De modo que no es sobre las posibles diferencias entre La antorcha de los éxitos —una de las empresas modelo de aquella España pretérita— y la firma de Iquino —mucho más modesta— sobre lo que cumple llamar la atención. Lo que hay que hacer notar es cómo la historiografía al uso de la pantalla autóctona reconoce a Rafael Gil, Juan de Orduña o José Luis Sáenz de Heredia con toda la extensión que se merecen y, muy por el contrario, ningunea a Iquino, par de cualquiera de ellos en aquella época.

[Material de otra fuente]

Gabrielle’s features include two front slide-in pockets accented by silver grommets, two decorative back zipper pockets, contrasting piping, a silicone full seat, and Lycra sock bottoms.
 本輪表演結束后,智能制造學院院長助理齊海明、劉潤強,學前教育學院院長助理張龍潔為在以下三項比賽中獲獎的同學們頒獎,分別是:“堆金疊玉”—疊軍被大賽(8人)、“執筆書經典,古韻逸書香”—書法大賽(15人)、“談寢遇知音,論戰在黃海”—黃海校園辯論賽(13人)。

Emisora Films, la productora fundada en 1943 por el realizador catalán —hijo de un compositor y de una actriz, Ignacio F. Iquino nació en Valls, Tarragona, en 1910— alumbró el Spanish noir —ese impagable cine policiaco barcelonés del medio siglo— con Apartado de correos 1001 (Julio Salvador, 1950). Pero nuestro realizador ya había partido con Francisco Arisa Esparones, su cuñado y socio en aquella industria. Y sí que debía de haber rivalidad entre ellos: Iquino, con su nueva marca, IFI Producciones cinematográficas, respondió al filme de Salvador con Brigada Criminal (1950). Ambas películas, en verdad sobresalientes, tanto una como otra, constituyen el pórtico a ese primer noir autóctono que con tanto deleite descubren ahora los nuevos aficionados en las emisiones intempestivas de las televisiones más cinéfilas. Diez años atrás, el joven Iquino había vuelto a poner en marcha toda la industria cinematográfica barcelonesa en la posguerra con ¿Quién me compra un lío? (1940).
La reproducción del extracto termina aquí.